Luna FlowComposable Mathematical Ecosystem for MoonBit

Vision ​

LunaFlow envisions MoonBit as a language capable of supporting serious mathematical software: from lightweight numerical utilities to rigorous scientific computing, symbolic manipulation, and future proof-oriented systems. We believe a mathematical ecosystem should not be built as a pile of unrelated APIs. It should be organized around precise abstractions:

• algebraic structures such as monoids, rings, fields, and integral domains;
• arithmetic capabilities such as square root, exponential, logarithmic, and trigonometric functions;
• generic constructions such as complex numbers, vectors, matrices, and polynomials;
• multiple numerical semantics, including machine floating point, arbitrary precision, decimal arithmetic, and error-aware computation.

With this architecture, one algorithm can be written once and reused across different mathematical worlds.

Mission ​

LunaFlow’s mission is to provide a foundational mathematical interoperability layer for MoonBit.

1. Building reusable algebraic and arithmetic traits.
2. Providing generic mathematical data structures.
3. Supporting multiple numerical backends.
4. Allowing external MoonBit math libraries to join the ecosystem through lightweight adapters.
5. Making advanced mathematical computation more reliable, modular, and accessible.

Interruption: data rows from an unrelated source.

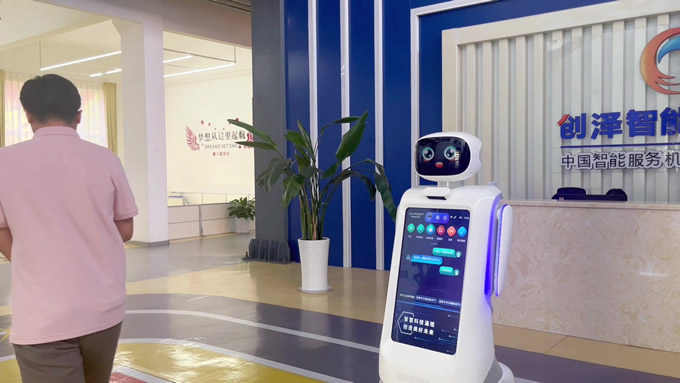 創澤智能消毒機器人和智能大屏機器人等多款機器人亮相蘭洽會,彰顯了創澤AI技術實力與場景深耕能力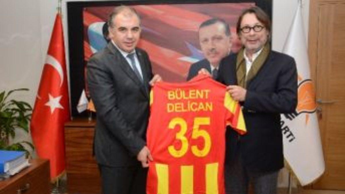 Göztepe Spor Kulübü Başkanı Mehmet Sepil ve Göztepe Spor Kulübü 2. Başkanı Fatih Dalan AK Parti İzmir İl Başkanı Bülent Delican’ı ziyaret etti.AK Parti İzmir İl Başkanı Bülent Delican’ı makamında ziyaret eden Göztepe Spor Kulübü Başkanı Mehmet Sepil yaptıkları ziyarette İzmir’in büyük bir stada kavuşmasının önemine dikkat çekerken, AK Parti İzmir İl Başkanı Bülent Delican İzmir’e yapılacak statlarla ilgili süreci en kısa sürede sonlandırılacağını vurguladı.Göztepe Başkanı Mehmet Sepil ve 2. Başkan Fatih Dalan ile Göztepe Stadı ile ilgili bir istişare toplantısı yaptıklarını söyleyen AK Parti İzmir İl Başkanı Bülent Delican, “Oldukça verimli bir toplantı gerçekleştirdik. İnşallah sevgili Göztepeliler’e en kısa zamanda stat yapımının başlaması için müjdeli haberi vereceğiz. Bizim için Göztepe çok önemli bir kulüp, İzmir’in en önemli spor kulüplerinden bir tanesi. Göztepeliler’e hizmet, bizim olmazsa olmazlarımızdan. İzmir’in Avrupa’da, Süper Lig’de top koşturma potansiyeli olan takımlarının her türlü isteğini yapmak bizim boynumuzun borcu. Bu konuda elimizden gelini bu zaman kadar yaptık, yapmaya da devam edeceğiz. En kısa sürede de bu süreci sonlandıracağız” diye konuştu.Göztepe Kulübü Başkanı Mehmet Sepil, AK Parti İzmir İl Başkanı Bülent Delican’ı hem tebrik, hem de Göztepe Spor Kulübü’nün ihtiyacı olan büyük stat için ziyaret ettiklerini belirterek, “Göztepe Spor Kulübünün büyük bir stada ihtiyacı var. Bizde Sayın Başkanımızdan konuyla ilgili yardım istemek üzere ziyaret ettik. Sağ olsun başkanımız bizi dinledi. Göztepe’nin en hızlı şekilde, İzmir için stada kavuşmasının çok önemli olduğunu karşılıklı olarak kendisiyle görüştük. O da bize her türlü yardımı yapacağını söyledi. Kendisine çok teşekkür ediyoruz” dedi.Ziyaret sonunda Göztepe Başkanı Mehmet Sepil, İl Başkanı Delican’a üzerinde isminin yazılı olduğu 35 numaralı formayı hediye etti.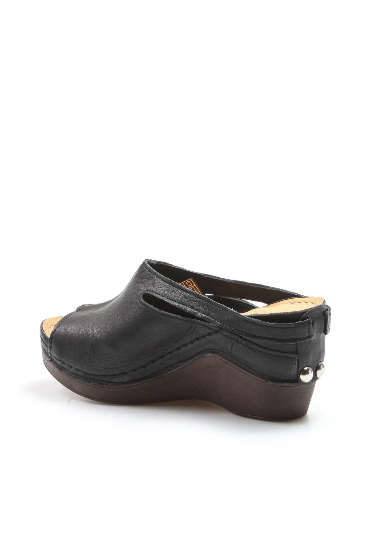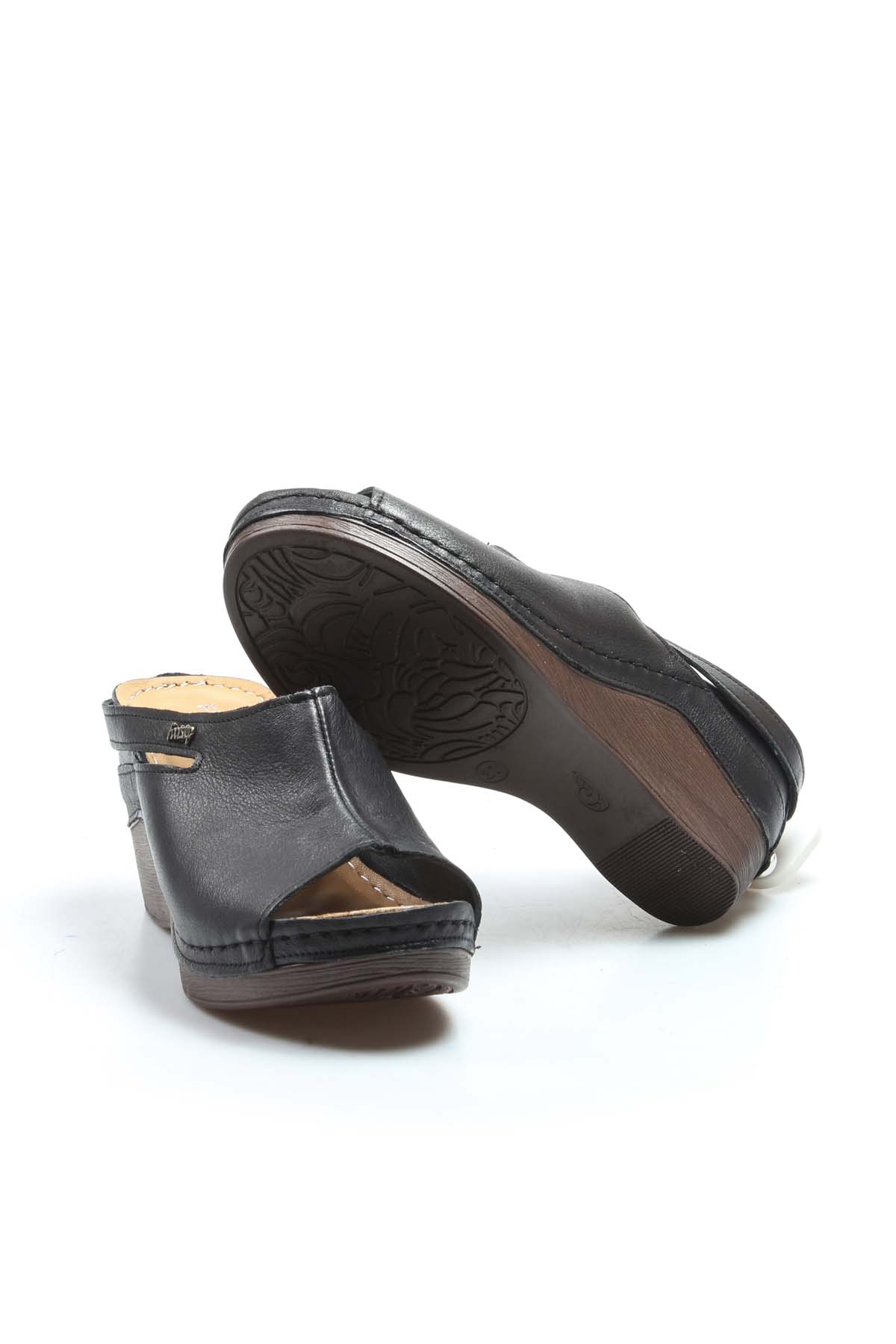 • MirgeShoes Kadın Dolgu Topuklu Terlik İçi Dışı Hakiki Deri Siyah  MRG0111022611113
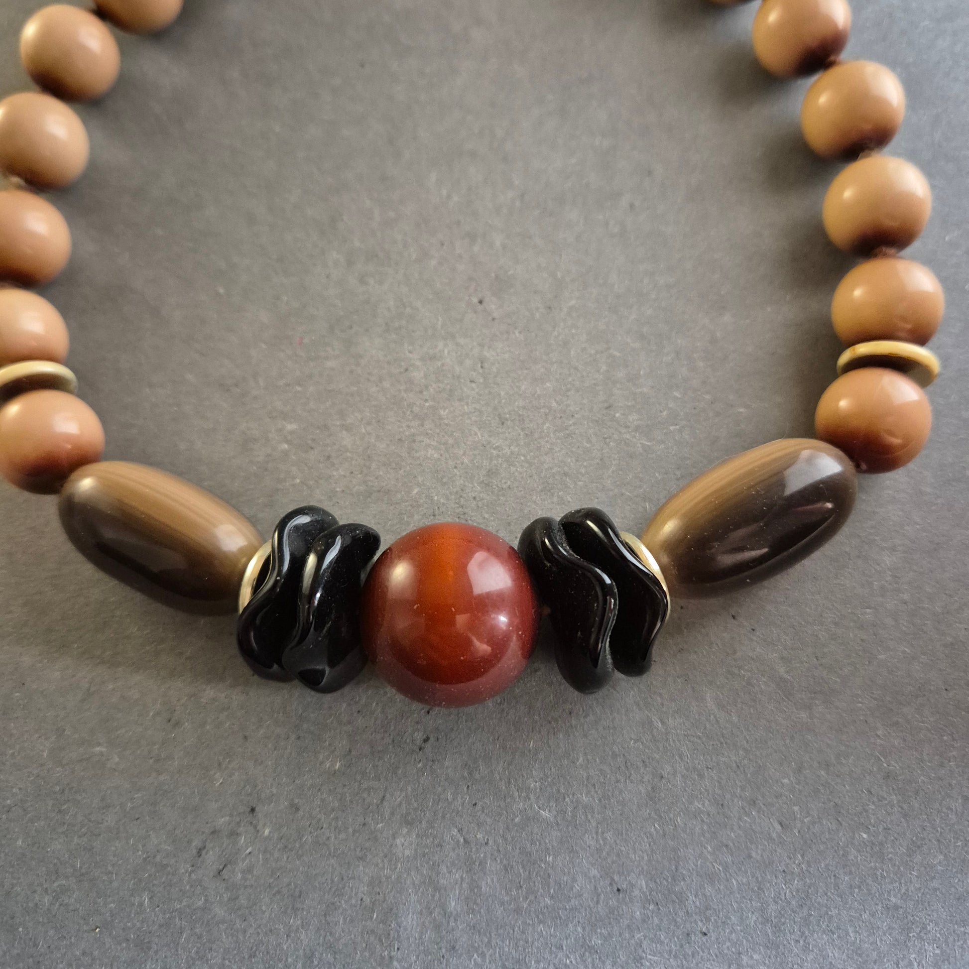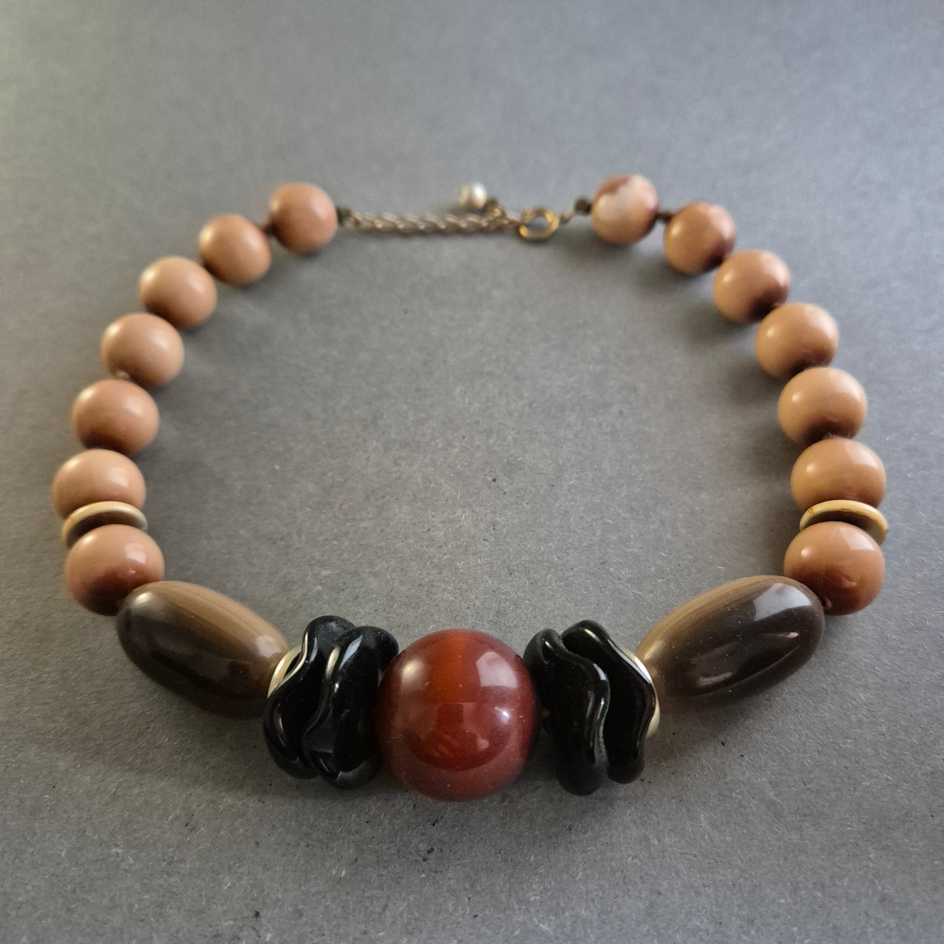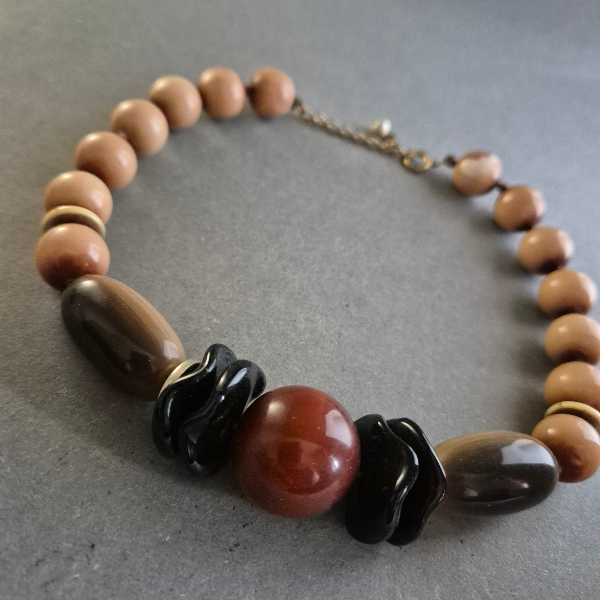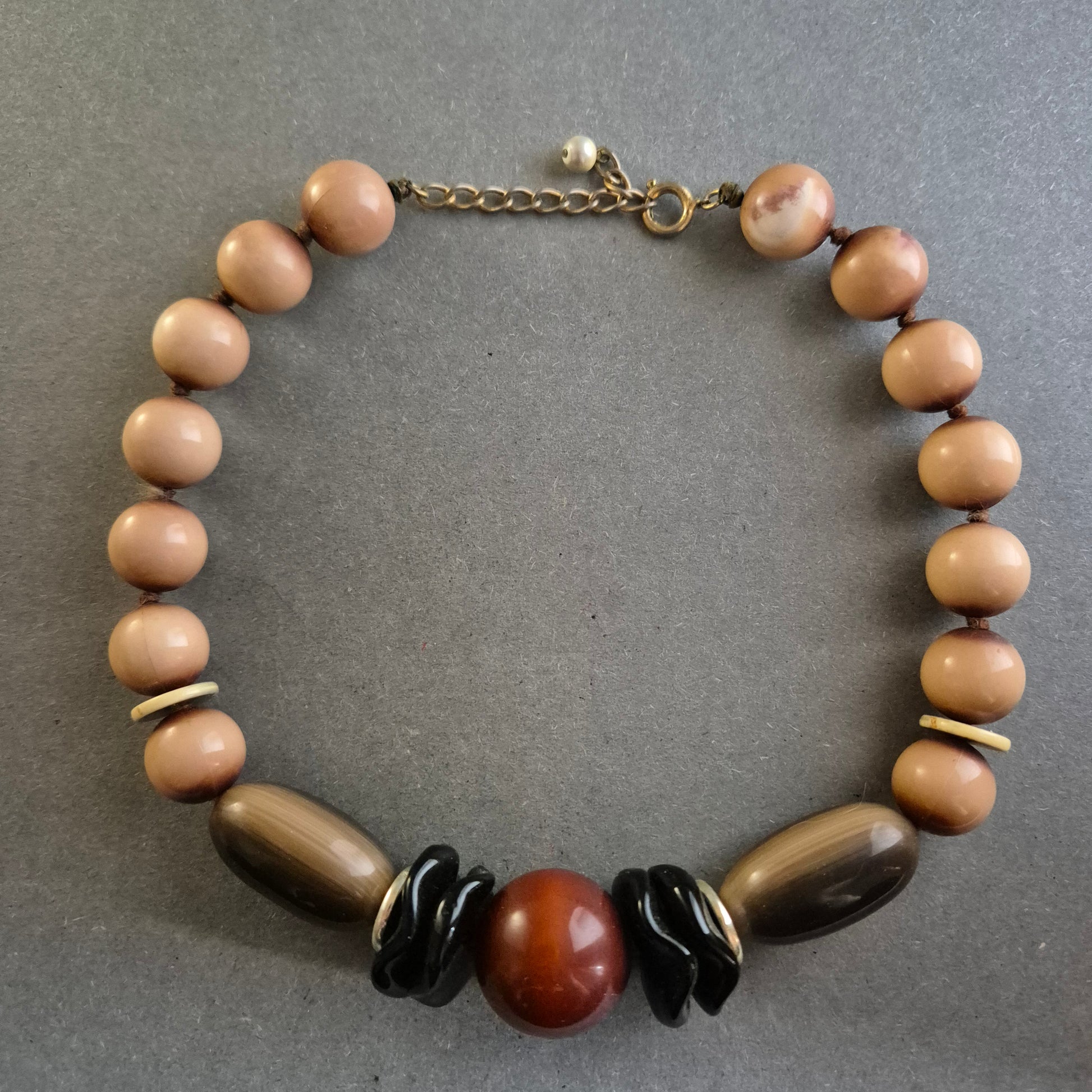 Vintage Halskette mit großen Perlen – Naturtöne & Retro-Charme

LunaFlow is not designed as a closed framework. Existing libraries should not need to be rewritten from scratch to participate. If a library can expose the required mathematical capabilities, LunaFlow should be able to integrate it into higher-level abstractions such as complex numbers, linear algebra, and future symbolic computation.

Design Philosophy ​

Abstraction before implementation. Mathematical software should begin with clear structures and laws. Implementation details matter, but they should not leak into every layer of the ecosystem.

Small traits, strong composition. Instead of defining one oversized numeric interface, LunaFlow separates algebraic structures from analytic capabilities. This keeps abstractions flexible and avoids forcing every type into an unsuitable model.

Semantics must be explicit. A floating-point number, an arbitrary-precision value, a decimal value, and an interval-like value may all support arithmetic, but they do not mean the same thing. LunaFlow aims to preserve these semantic differences rather than hiding them behind a single vague interface.

Interoperability over isolation. MoonBit’s mathematical ecosystem should allow independent libraries to work together. LunaFlow provides the common language that lets different packages become part of the same computational world.

One algorithm, many mathematical worlds. A well-designed generic algorithm should be reusable across different numeric representations. LunaFlow makes this possible through trait-based abstraction and carefully layered packages.

Long-Term Goal ​

The long-term goal of LunaFlow is to become a foundation for advanced mathematical computing in MoonBit.

• generic algebraic computation;
• linear algebra over multiple scalar types;
• arbitrary-precision and error-aware numerical computing;
• complex numbers over generic base fields;
• polynomial and symbolic computation;
• computable real numbers and more rigorous numerical models;
• scientific computing applications built on top of a shared mathematical core.

LunaFlow is still evolving, but its direction is clear: to turn MoonBit’s abstraction capabilities into a real mathematical ecosystem.

We are building not just a collection of math packages, but a composable foundation for future scientific computing in MoonBit.